Plötzlich stellten sie fest, dass ein „Schaf“ verloren gegangen war. Über den direkten mobilen und akustischen Austausch konnte das verlorene Schaf wieder gefunden werden und zur Herde hinzustoßen.

Nach dieser harten Prüfung, gehorchte die Gruppe und begab sich auf den schmalen, schlammigen, rutschigen und nahe dem Abgrund verlaufenden Pfad. In strömendem Regen erreichte die Gruppe eine Herberge, in der, so schien es, alle Plätze belegt waren. Einige Gäste hatten jedoch Mitleid mit der geläuterten Gruppe und räumten Ihre Plätze. Bei strömendem Regen, aber im Trockenen sitzend, genoss die Gruppe ihre Mittagsrast (siehe Titelbild).

alpenblick

Und der Herr hatte ein Einsehen. Die Gruppe war genug geläutert. Die Sintflut endete abrupt und der zweite Teil der Runde konnte beginnen. Die reuige Gruppe hatte eingesehen, dass die schmalen, steilen, schlammigen, rutschigen und nahe dem Abgrund verlaufenden Pfade zwar beschwerlich sind, diese aber zum Leben führen. In diesem Fall ins Ochsenberghaus zu Kaffee, Kuchen und Eis.

Aber schon wurden wieder einige Gruppenmitglieder übermütig und warben für den breiten Weg zurück zum Ausgangspunkt. Fast wäre es zur Trennung der Gruppe gekommen. Eindrücklich wurden die Übermütigen zur Räson gebracht und die Runde auf dem schmalen Pfad durch eine wahrhaft paradiesische Orchideenlandschaft fortgesetzt.

Collageochsenberg

Ein letzter steiler Anstieg forderte die Gruppe nochmals heraus, bevor es dann sanft bergab durch eine farbenprächtige Blumenwiese zurück zum Ausgangspunkt ging.

Ganz beseelt formte sich die Gruppe zu einem Kreis und bedankte sich für diese unvergessliche Wanderung.

gruppe_ochsenberg

Unterwegs auf dem Premiumweg Seeburgsteig am 22.05.2016

Der Seeburgsteig wird im Wanderbüchlein „Wandertouren für Langschläfer“ als Tour für „harte“ Langschläfer beschrieben.

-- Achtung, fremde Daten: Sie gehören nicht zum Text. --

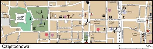 | Keywords: CzÄ™stochowa-mapa-centrum.png <table width 100 border 1 > <tr> <td colspan 2 > <div align center ><u>Legenda</u></div> </td> </tr> <tr> <td colspan 2 height 24 > <div align center ><b>Ogólne</b></div> </td> </tr> <tr> <td>24px</td> <td>zabudowania</td> </tr> <tr> <td>24px</td> <td>parki skwery</td> </tr> <tr> <td>24px</td> <td>łąki</td> </tr> <tr> <td colspan 2 > <div align center ><b>Kultura</b></div> </td> </tr> <tr> <td>24px</td> <td>ważniejsze galerie <br> Miejska Galeria Sztuki - al NMP</td> </tr> <tr> <td>24px</td> <td>ważniejsze oÅ›rodki promocji kultury <br> OÅ›rodek Promocji Kultury žGaude Mater - ul DÄ…browskiego</td> </tr> <tr> <td>24px</td> <td> <p>kina <br> OÅ›rodek Kultury Filmowej - al NMP<br> Cinema City žWolność - al T KoÅ›ciuszki</p> </td> </tr> <tr> <td>24px</td> <td>teatry <br> Teatr Dramatyczny im A Mickiewicza - róg ul ul Jasnogórskiej i J KiliÅ„skiego</td> </tr> <tr> <td>24px</td> <td>filharmonie <br> Filharmonia CzÄ™stochowska - róg ul ul T W Wilsona i G Garibaldiego</td> </tr> <tr> <td colspan 2 > <div align center ><b>Edukacja</b></div> </td> </tr> <tr> <td>24px </td> <td>szkoÅ‚y Å›rednie <br> Liceum Plastyczne im J Malczewskiego - ul K PuÅ‚askiego<br> IV LO im H Sienkiwicza - al NMP<br> I LO im J SÅ‚owackiego - al T KoÅ›ciuszki<br> V LO im A Mickiewicza - ul Krakowska<br> Zespół Szkół Elektroniczno-Mechanicznych - na wschód od archikatedry faktycznie ul Targowa </td> </tr> <tr> <td>24px </td> <td>szkoÅ‚y wyższe <br> Akademia Polonijna - róg ul ul Siedmiu Kamienic i PuÅ‚askiego<br> Akademia Jana DÅ‚ugosza - ul J Waszyngtona</td> </tr> <tr> <td>24px </td> <td>muzea <br> Muzeum CzÄ™stochowskie - wszystkie obiekty zaznaczone</td> </tr> <tr> <td>24px </td> <td>biblioteki pominiÄ™to filie <br> Biblioteka Miejska - al NMP</td> </tr> <tr> <td>24px </td> <td>inne jednostki <br> obserwatorium astronomiczne - Park St Staszica</td> </tr> <tr> <td colspan 2 > <div align center ><b>Turystyka</b></div> </td> </tr> <tr> <td>24px</td> <td>informacja turystyczna <br> punkt informacji turystycznej UrzÄ™du Miasta - al NMP</td> </tr> <tr> <td>24px</td> <td>zabytkowe koÅ›cioÅ‚y rzymskokatolickie <br> pw NajÅ›wiÄ™tszego Imienia Maryi - al NMP koÅ‚o LO Sienkiewicza<br> pw Å›w Jakuba - otoczony al NMP i ul ul J H DÄ…browskiego RacÅ‚awickÄ… KiliÅ„skiego<br> pw Å›w Zygmunta - pl I DaszyÅ„skiego<br> Archikatedra pw ÅšwiÄ™tej Rodziny - pl Jana PawÅ‚a II ul ul Krakowska i Ogrodowa</td> </tr> <tr> <td>24px</td> <td>koÅ›cioÅ‚y rzymskokatolickie</td> </tr> <tr> <td>24px</td> <td>kaplice</td> </tr> <tr> <td>24px</td> <td>cerkwie</td> </tr> <tr> <td>24px</td> <td>zabytkowe koÅ›cioÅ‚y protestanckie <br> pw WniebowstÄ…pienia PaÅ„skiego ewengelicko-augsburski - ul M Kopernika </td> </tr> <tr> <td>24px</td> <td>pomniki</td> </tr> <tr> <td>24px</td> <td>Miejsca PamiÄ™ci Narodowej</td> </tr> <tr> <td>24px</td> <td>inne atrakcje turystyczne <br> Dom BiegaÅ„skiego - vis-à -vis stacji PKP<br> Dom Frankego - al NMP</td> </tr> <tr> <td colspan 2 > <div align center ><b>Varia</b></div> </td> </tr> <tr> <td>24px</td> <td>Stacje pogotowia ratunkowego <br> Stacja Pogotowia Ratunkowego - ul J KiliÅ„skiego</td> </tr> <tr> <td>24px</td> <td>jednostki Straży Pożarnej</td> </tr> <tr> <td>24px</td> <td>urzÄ™dy pocztowe</td> </tr> <tr> <td>24px</td> <td>fontanny</td> </tr> <td colspan 2 > <div align center ><b>Skróty literowe</b></div> </td> </tr> <tr> <td>UM</td> <td>UrzÄ…d Miasta</td> </tr> <tr> <td>PKP</td> <td>stacja PKP CzÄ™stochowa Osobowa</td> </tr> </table> own Reytan Reytan Maps of CzÄ™stochowa |
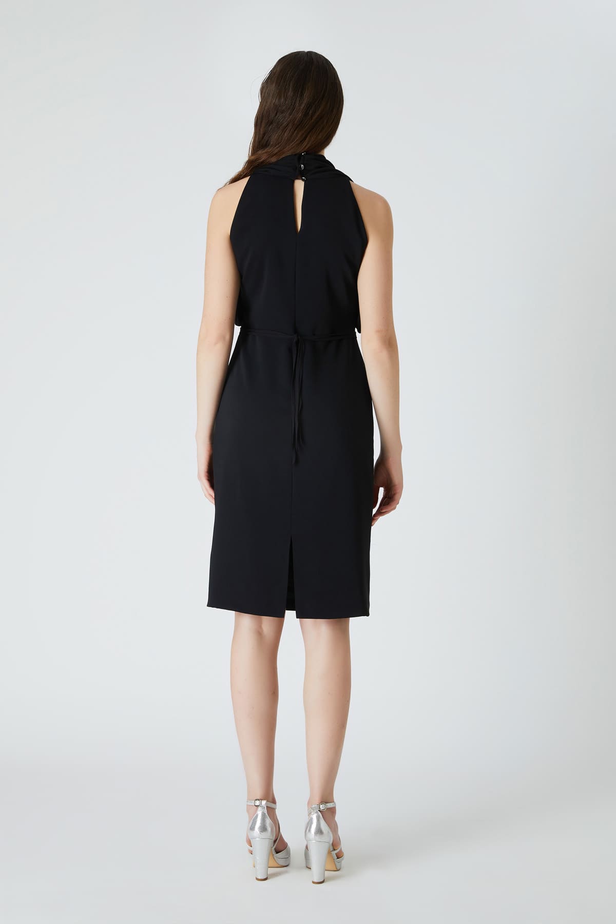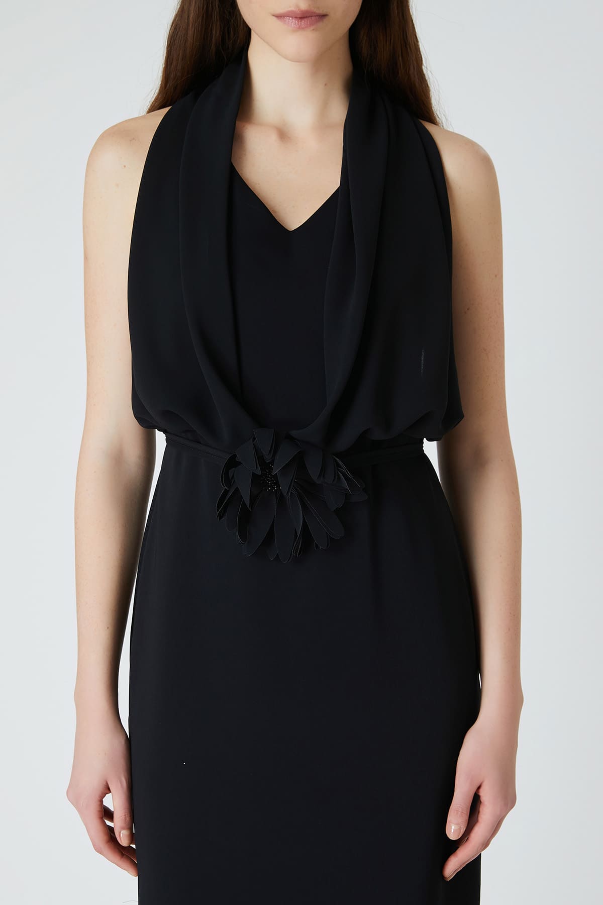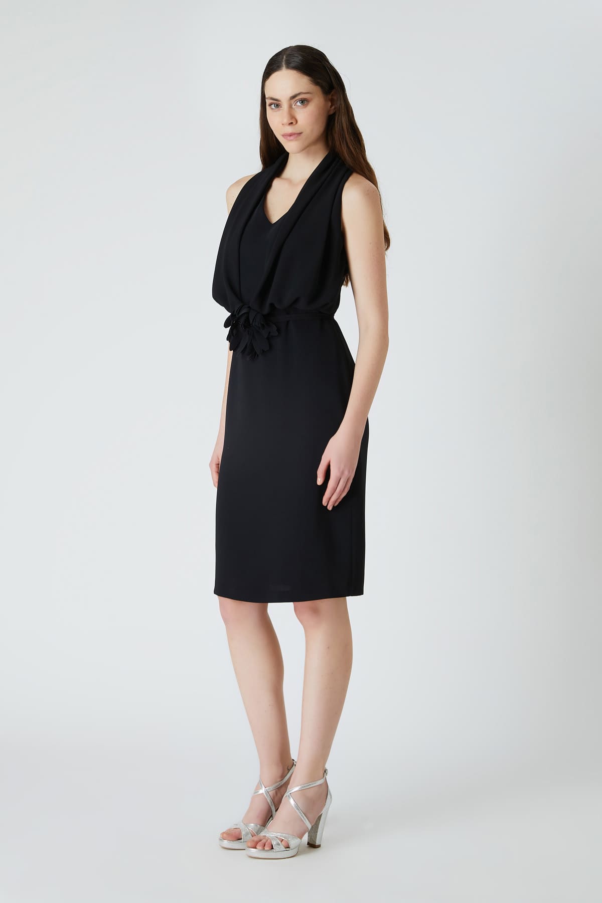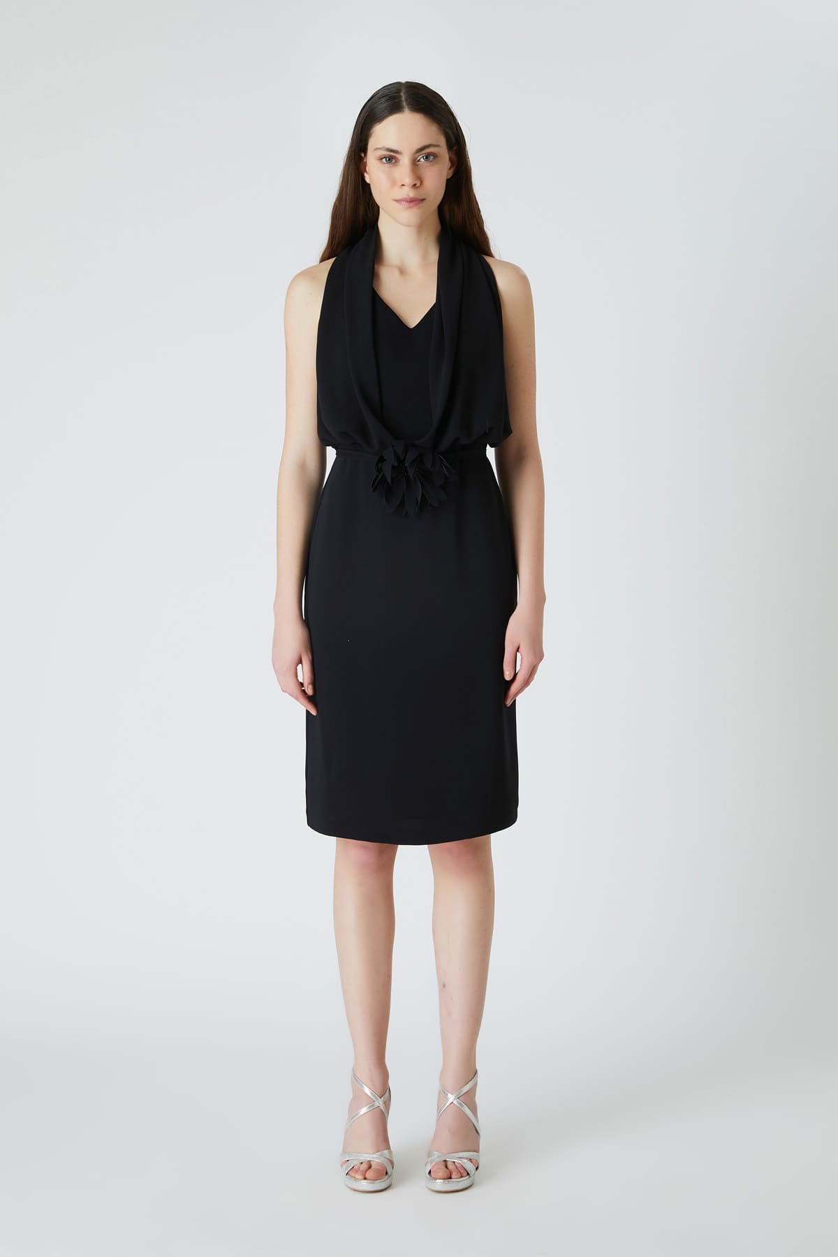 ÜRÜN BİLGİSİ:Dökümlü kumaş,şal yakalı,arka yakası düğmeli,kolsuz,çıkarılabilir çicek detaylı,eteği düz form astarlı elbise.

Zum Starttermin um 13:30 Uhr hatten immerhin 22 Albvereinler ausgeschlafen und waren bei besten Wetterbedingungen und unter der bewährten Führung von Hanne und Jörg Jürgens gespannt auf den Premiumweg.

Vom Tal über steile Pfade, entlang an der Traufkante, durch Schaf- und Ziegenweiden ging es bergauf und bergab. An der Kirche von Seeburg vorbei und schon waren wir wieder am Ausgangspunkt.

Schneckenhausen

Doch das war erst die Hälfte der „harten“ Langschläfertour. Am Ermsursprung vorbei, durch die verwunschene Trailfinger Schlucht ging es durch das auch bei Märzenbechliebhabern bekannte Tal wieder steil hinauf zum Littstein. Oben freute sich die Gruppe, dass sie den Aufstieg geschafft hatte und mancher fürchtete bereits den steilen Abstieg. Der Abstieg gestaltete sich jedoch moderater als gedacht, so dass auch noch ein Abstecher zum Seeburger Ehrenmal möglich war. Der Abstecher wurde mit einer herrlichen Aussicht auf das Tal und das gegenüberliegende Schloss Uhenfels belohnt.

Eine wirklich harte Langschläfertour, sofern es das Ziel ist, zur Tagesschau um Acht zu Hause zu sein. Dieses Ziel verfehlte die Gruppe nur knapp, da die Fahrt zum Lokal zur abschließenden Einkehr aufgrund einer ungeahnten Baustelle den zeitlichen Rahmen etwas sprengte.